*Exercise data*
- Opening Delimiter -

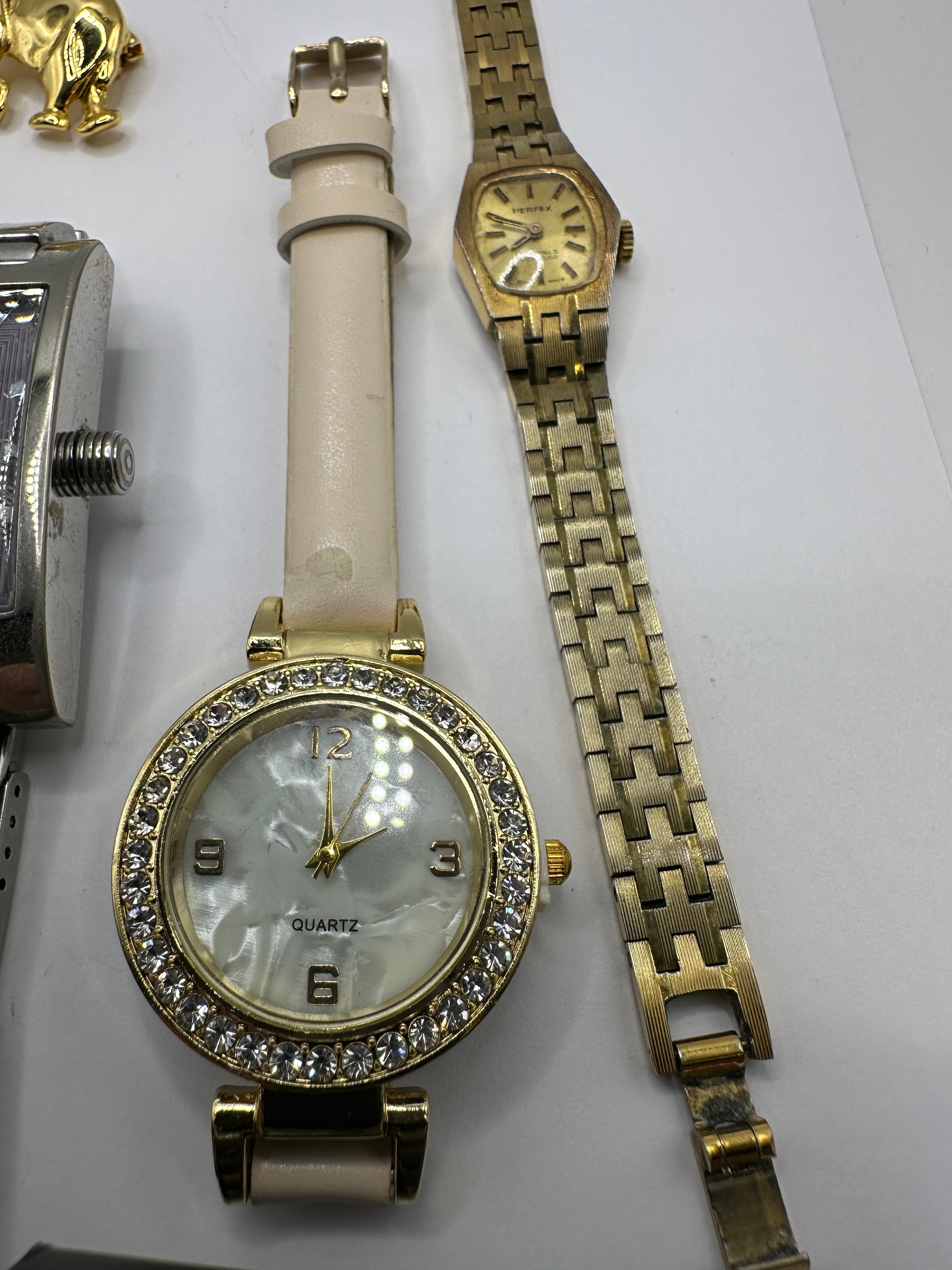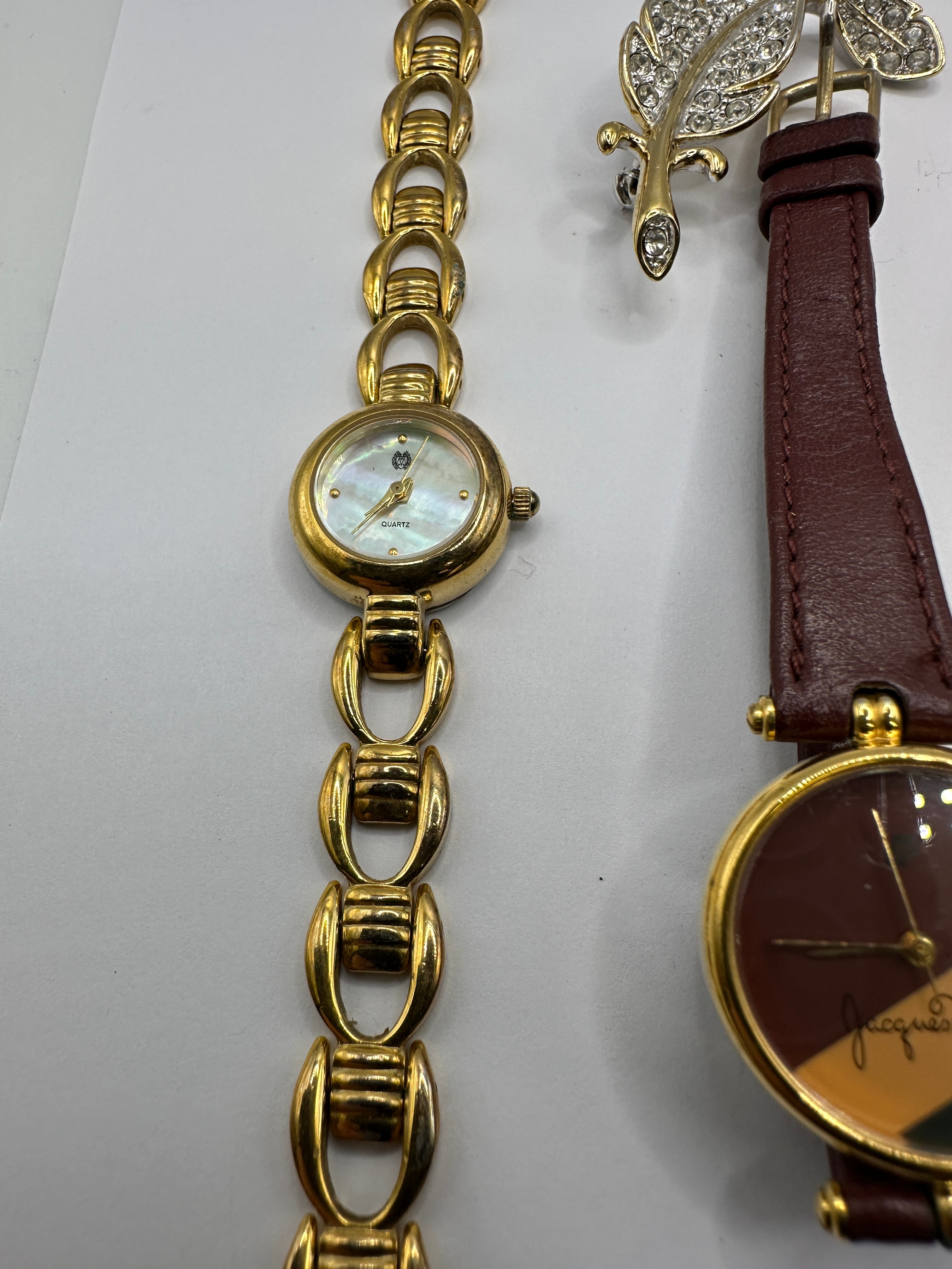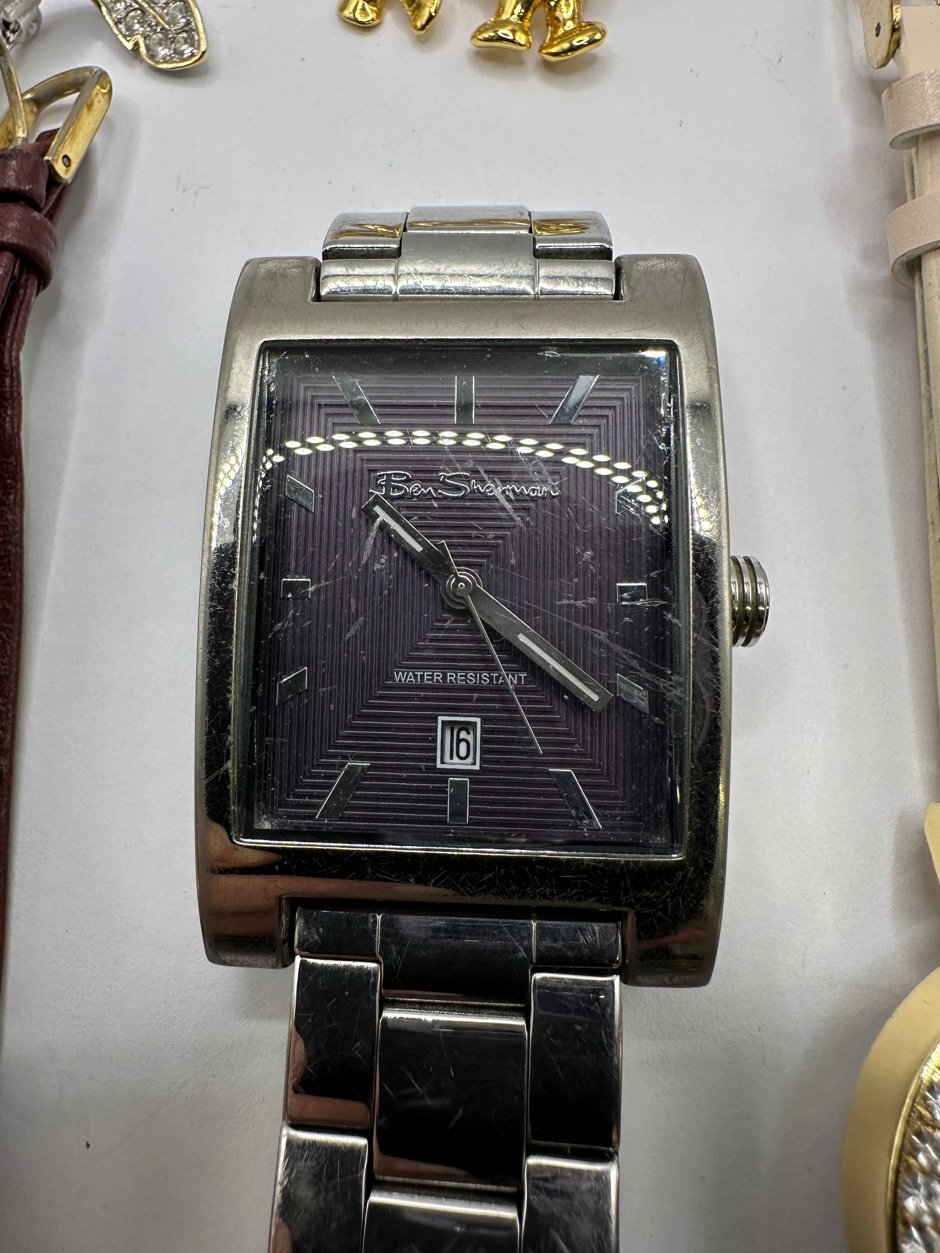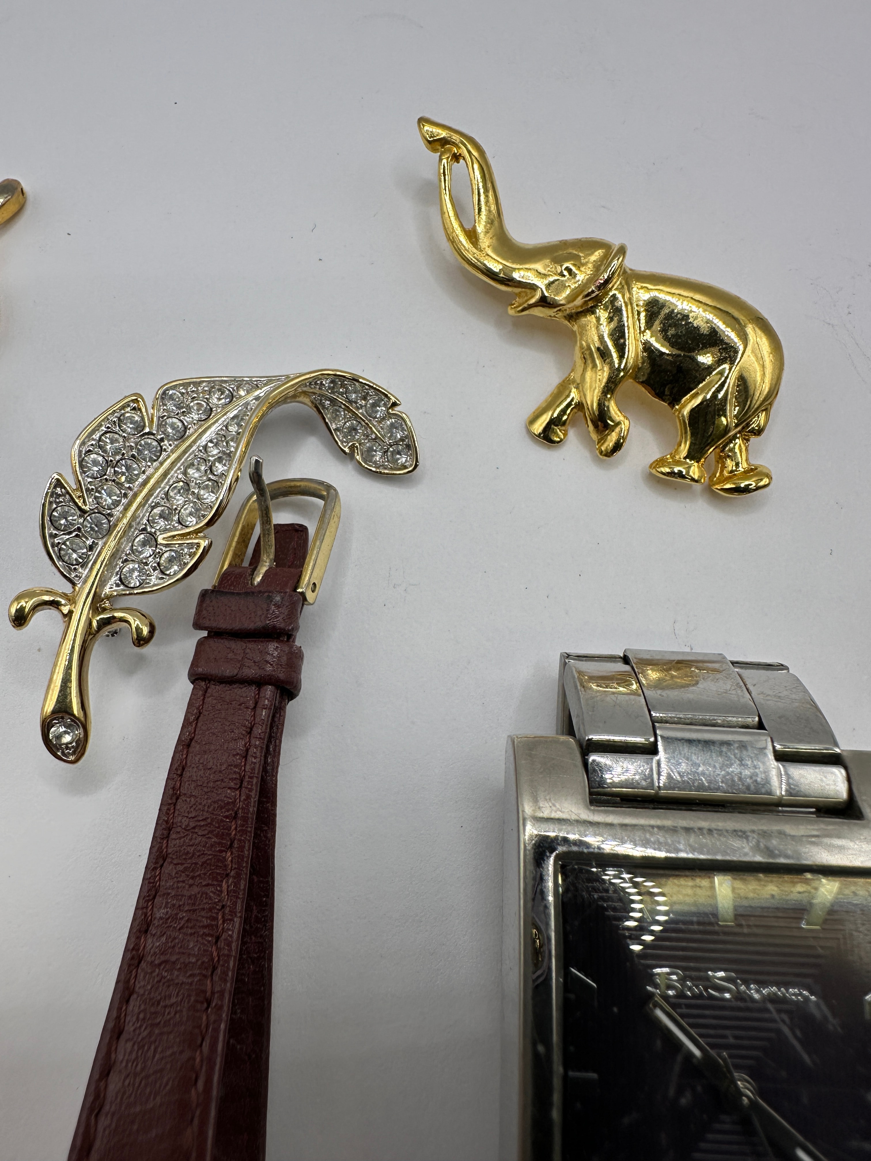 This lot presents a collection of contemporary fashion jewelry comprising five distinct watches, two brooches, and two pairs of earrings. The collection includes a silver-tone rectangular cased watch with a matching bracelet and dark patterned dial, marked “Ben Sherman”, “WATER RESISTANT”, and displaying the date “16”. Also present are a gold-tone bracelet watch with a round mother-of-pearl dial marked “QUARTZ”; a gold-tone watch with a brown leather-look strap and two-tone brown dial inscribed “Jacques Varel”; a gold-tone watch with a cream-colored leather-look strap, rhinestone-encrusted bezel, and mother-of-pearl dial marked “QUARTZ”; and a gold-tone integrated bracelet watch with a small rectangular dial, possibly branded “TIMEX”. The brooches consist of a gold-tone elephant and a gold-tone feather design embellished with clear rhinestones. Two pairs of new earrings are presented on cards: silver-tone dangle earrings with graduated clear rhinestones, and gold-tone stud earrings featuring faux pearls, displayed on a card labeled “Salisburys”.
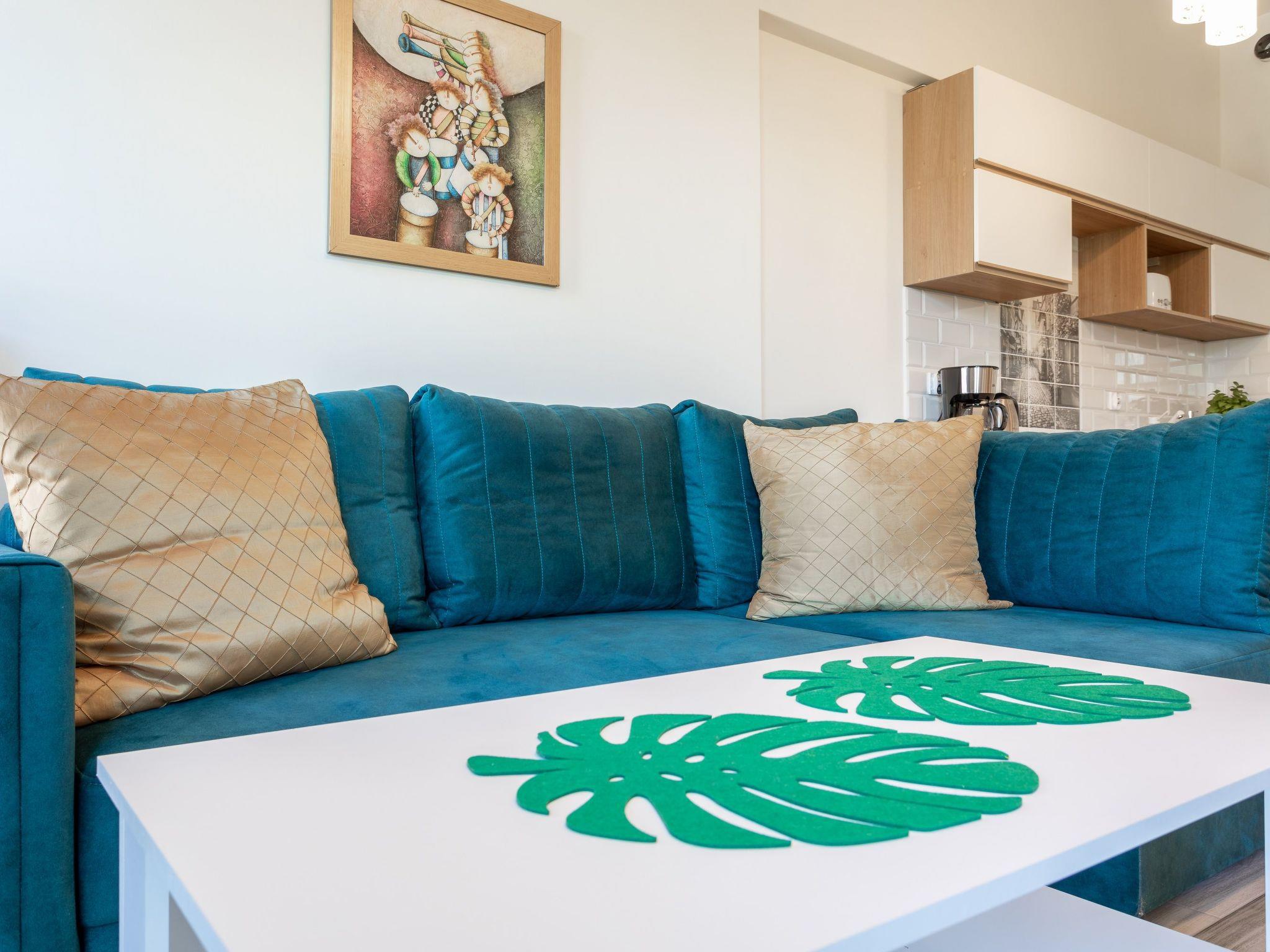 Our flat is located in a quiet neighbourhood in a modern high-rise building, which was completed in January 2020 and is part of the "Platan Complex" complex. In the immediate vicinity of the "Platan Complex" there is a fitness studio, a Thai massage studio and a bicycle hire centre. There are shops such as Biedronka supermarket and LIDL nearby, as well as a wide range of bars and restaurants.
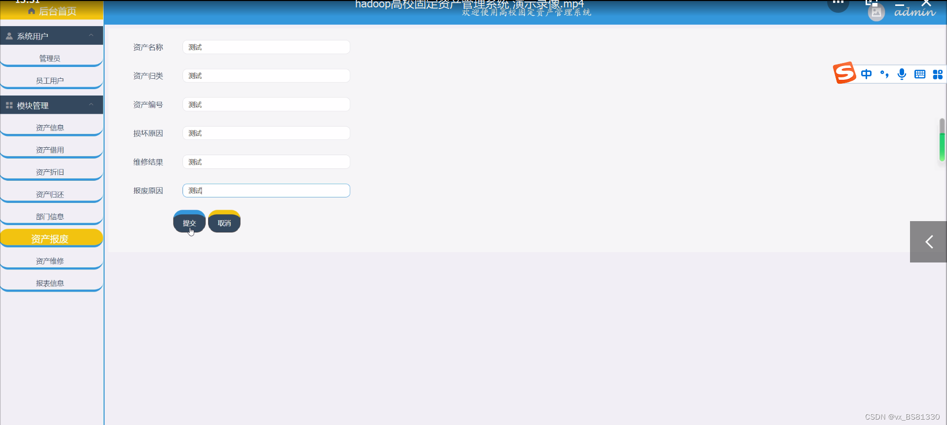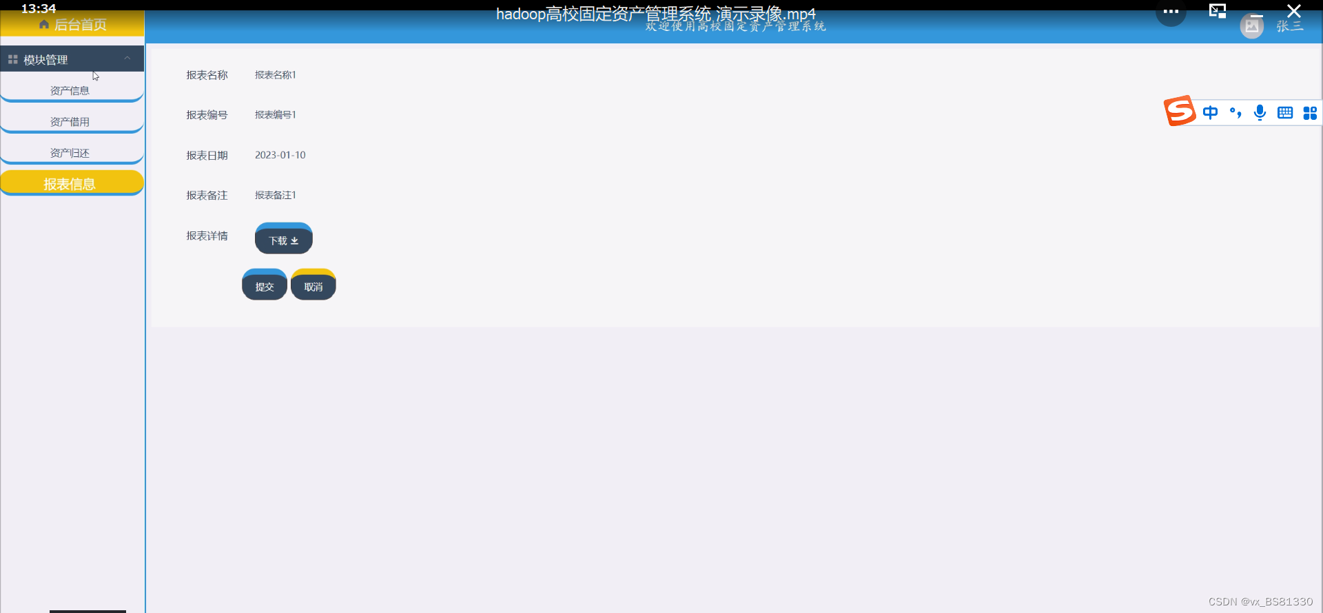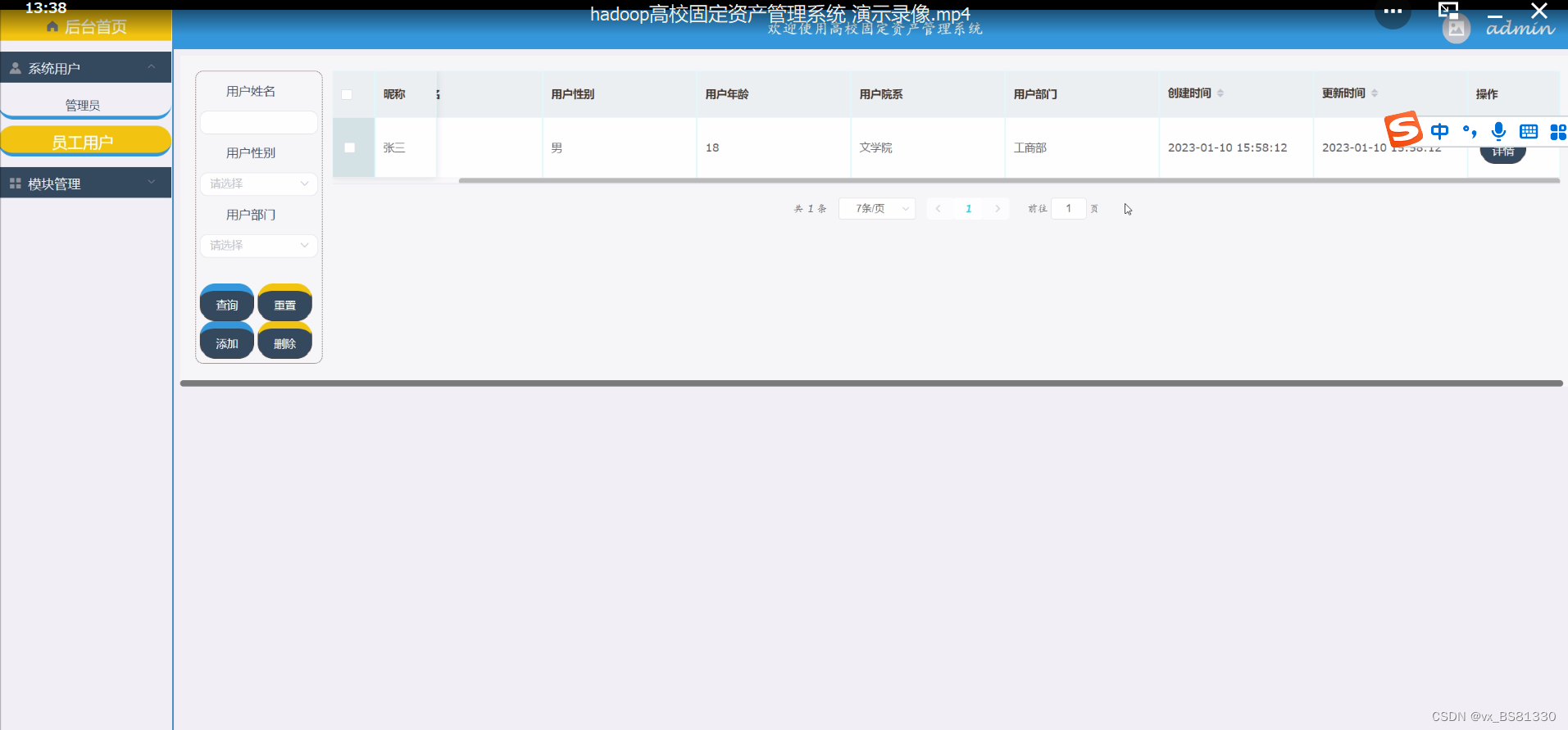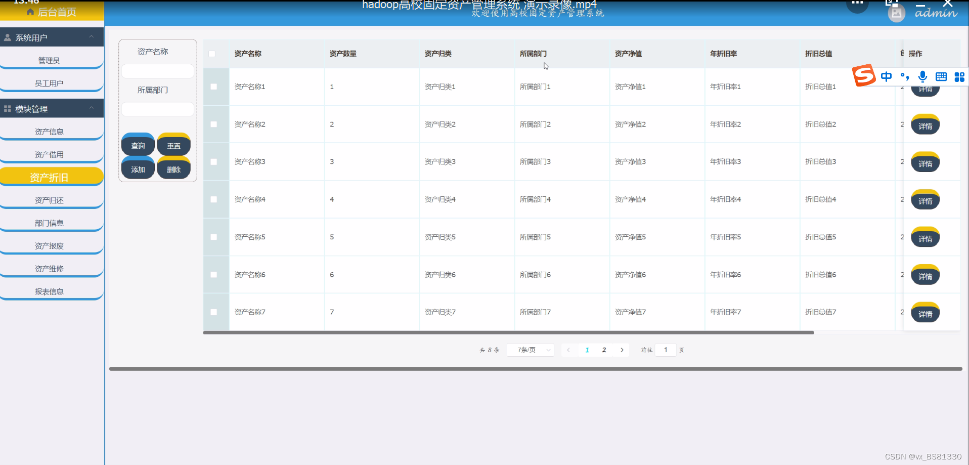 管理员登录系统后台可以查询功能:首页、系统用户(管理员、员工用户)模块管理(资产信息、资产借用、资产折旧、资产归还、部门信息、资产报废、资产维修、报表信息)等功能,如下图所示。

- Closing Delimiter -

*The task*
Copy the listing above in full and exactly, but omit each picture that it holds.

*Answer to the problem*
 This lot presents a collection of contemporary fashion jewelry comprising five distinct watches, two brooches, and two pairs of earrings. The collection includes a silver-tone rectangular cased watch with a matching bracelet and dark patterned dial, marked “Ben Sherman”, “WATER RESISTANT”, and displaying the date “16”. Also present are a gold-tone bracelet watch with a round mother-of-pearl dial marked “QUARTZ”; a gold-tone watch with a brown leather-look strap and two-tone brown dial inscribed “Jacques Varel”; a gold-tone watch with a cream-colored leather-look strap, rhinestone-encrusted bezel, and mother-of-pearl dial marked “QUARTZ”; and a gold-tone integrated bracelet watch with a small rectangular dial, possibly branded “TIMEX”. The brooches consist of a gold-tone elephant and a gold-tone feather design embellished with clear rhinestones. Two pairs of new earrings are presented on cards: silver-tone dangle earrings with graduated clear rhinestones, and gold-tone stud earrings featuring faux pearls, displayed on a card labeled “Salisburys”.
 Our flat is located in a quiet neighbourhood in a modern high-rise building, which was completed in January 2020 and is part of the "Platan Complex" complex. In the immediate vicinity of the "Platan Complex" there is a fitness studio, a Thai massage studio and a bicycle hire centre. There are shops such as Biedronka supermarket and LIDL nearby, as well as a wide range of bars and restaurants.
 管理员登录系统后台可以查询功能:首页、系统用户(管理员、员工用户)模块管理(资产信息、资产借用、资产折旧、资产归还、部门信息、资产报废、资产维修、报表信息)等功能,如下图所示。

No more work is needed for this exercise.